My words changed Perish’s expression as if I had uttered a shapeshifting spell. “He’s been different lately…” he repeated back slowly. “I think Silas does honestly want to help me…” His eyes flickered up, such a light blue the seemed like two jagged slabs of ice. “When you say that back to yourself… does that sound like something that fits Silas’s personality?”
I chuckled, the laugh so dry it was full of static. “I know,” I admitted. “But since it was an incident that involved me being shot… I have hopes he wants to figure out the culprit just as much as I do.”
“Yes,” Perish said. He put a small Ziploc bag in the middle of his pile of pocket trash, right beside a receipt and his miniature screw driver. I realized it was the one that had the strange substance in it, the substance that made me drool and pass out. “You were shot and your sengil was murdered. If my old memories serve correct… it was a Skyland Rebel who did it?”

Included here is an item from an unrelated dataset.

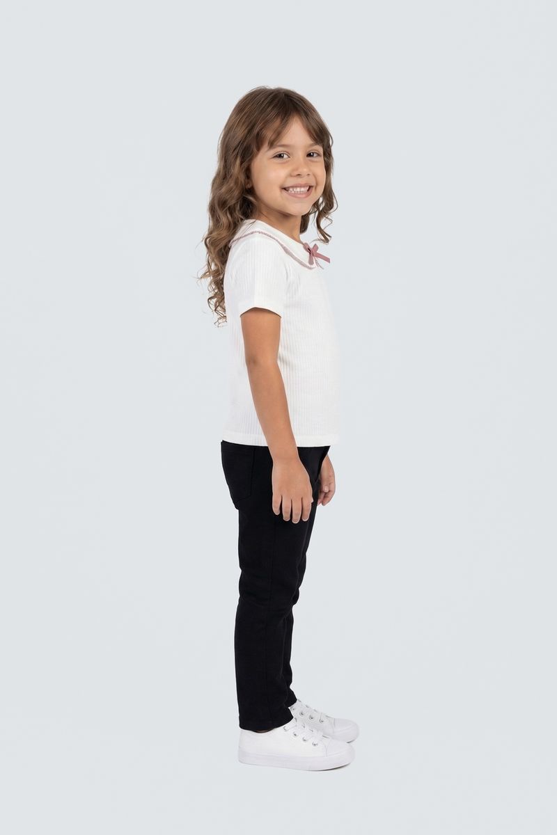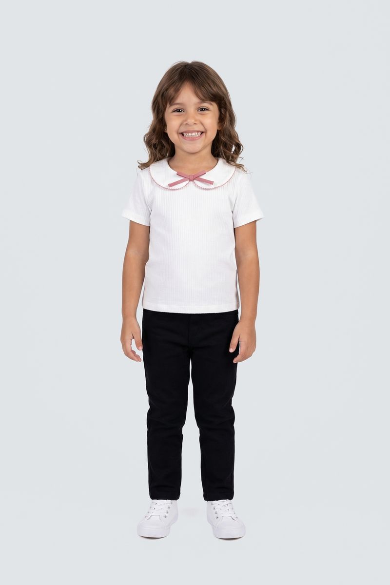 Descubra a Blusa Infantil Canelada Off White Caedu, perfeita para o dia a dia das pequenas. Com tecido ribana macio, charmosa gola Peter Pan com babado e um delicado laço rosa, oferece conforto e estilo. Ideal para looks adoráveis e cheios de personalidade, garantindo que sua filha esteja sempre na moda.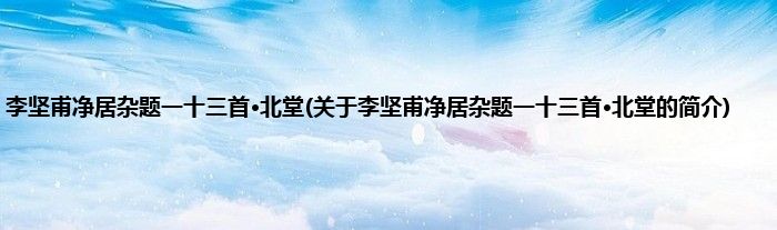 本文关于李坚甫净居杂题一十三首·北堂的简介就讲解完毕,希望对大家有所帮助。

I shook my head, my thumb continuing to pick off the blue beer label. “I think there’s more to it than that,” I admitted. I wasn’t going to go into detail, even though I enjoyed this Perish, I wasn’t stupid. “I have a suspicion that Vlad, the man who murdered Finn, was hired, or possibly set up. I’m not sure.” A long strip of paper came off of the label and began rolling it up with my finger and thumb. “I want to look at the evidence. My brother and my sister have been avoiding me, but Silas promised me that if I took three days off, he’ll bring me the evidence.”